A 20 meses de su salida de Los Pinos, no
se vislumbra que el país mejore en sus parámetros más sensibles y urgentes: más
seguridad, mejor economía, menos corrupción, castigo a los corruptos, mayor
sensibilidad gubernamental a los reclamos ciudadanos, menos pobreza. Muy al
contrario: la situación podría empeorar con el embate racista y enfermizo de
Donald Trump que ya le causa estragos a la economía nacional con la cancelación
de inversiones y empleos. De entrada, Trump le marcó agenda a Peña Nieto.

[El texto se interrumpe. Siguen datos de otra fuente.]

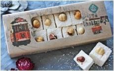 20. Лукум царский с фундуком, фасовка по 200гр. Коробка №3(прямоугольная, вытянутая с ретро трамваем), 89 руб.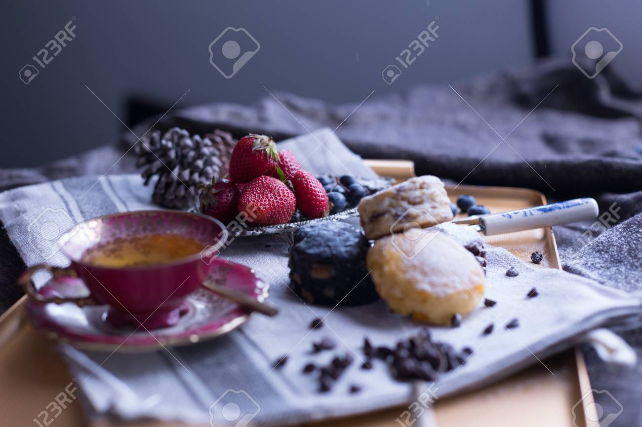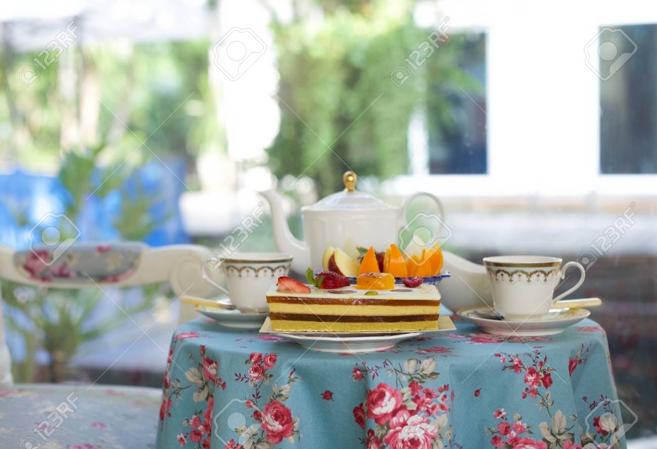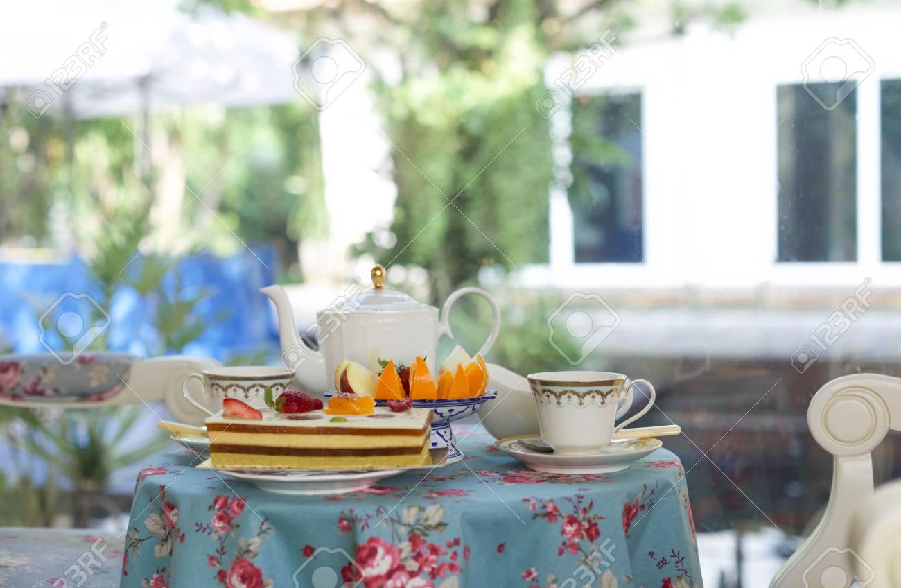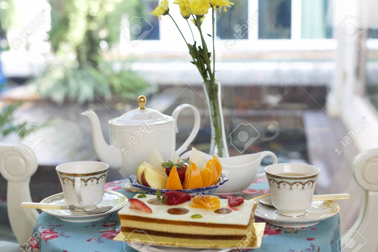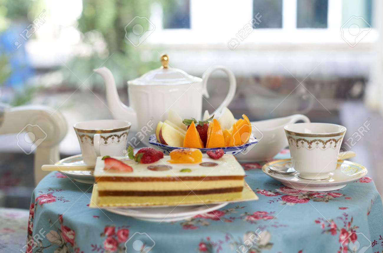 Immagini Stock Torte Da Forno E Frutta Fresca Con Te Inglese All Ora Del Te Image

Es el gringo quien fija hora, fecha, temas de discusión, etc. Enfrentar a Peña contra Trump es como
enfrentar a los Gallos Blancos contra el Real Madrid. No hay punto de
comparación.
VACÍO DE AUTORIDAD.
Al aislarse del país y, por tanto, de lo que sucede en su entorno, Peña Nieto ha provocado un vacío de
autoridad que está siendo devorado por la dinámica de la sucesión presidencial
en 2018. Los vacíos se llenan: los grupos que pretenden arrebatarle a Peña el
control sucesorio, han entrado en franca batalla por la candidatura
presidencial. Allí están Videgaray – al frente del equipo de Los Pinos-; Osorio
Chong – arrinconado aunque, precisamente por ello, peligroso-; Manlio Fabio
Beltrones – engallado por la ausencia de autoridad presidencial y dispuesto a
buscar la candidatura apoyado por gobernadores, teniendo como plan B a su
cachorra, Claudia Pavlovich-; Ivonne Ortega – ex gobernadora yucateca que ya
está, sin tapujos, buscando la candidatura presidencial priista-. Los grupos de
poder priistas, ante la evidente debilidad de Peña Nieto, buscan la candidatura
y, en ese lance, darían el tiro de gracia a un país que sería rehén de las
ambiciones políticas en lo que resta del gobierno de EPN.
2018 Y LA CRISPACIÓN
POLÍTICO-SOCIAL. Si Peña Nieto se
aferra a una presidencia débil, desprestigiada e inoperante, la crispación
social y el entorno político rumbo al 2018 se agravarían. El empecinamiento de un mandatario
disminuido como Peña Nieto al tratar de imponer al candidato presidencial del
PRI e intentar descarrilar a López Obrador – cada vez más consolidado-, podrían
desembocar en una crisis nacional de consecuencias aún más funestas para el
país. Cada día que transcurre con Peña en Los Pinos, es un día que acumula
mayores rencores políticos y sociales. Bien ganado lo tiene el mexiquense. Peña
ya no une. Desune. Por ello, se necesitaría a un gobierno de transición que
llevara a buen puerto las elecciones presidenciales del 2018. Evitar el choque
mortal y frontal.
Estoy seguro que Enrique Peña Nieto se aferrará a la
presidencia, sin importar que en su
necedad, lleve al país a una crisis político-económico-social aún más grave y
que se agudice de cara al 2018.
Al no ser estadista, Peña optará por la imagen personal en
lugar de anteponer la viabilidad de México a futuro.
De ser estadista, Peña ya estaría considerando solicitar
licencia al cargo, reconociendo el fracaso de su gobierno y permitiendo a un
gobierno de transición medio enderezar las cosas de aquí a 20 meses.
Pero no lo hará. Al
Presidente le importa Peña Nieto. No México.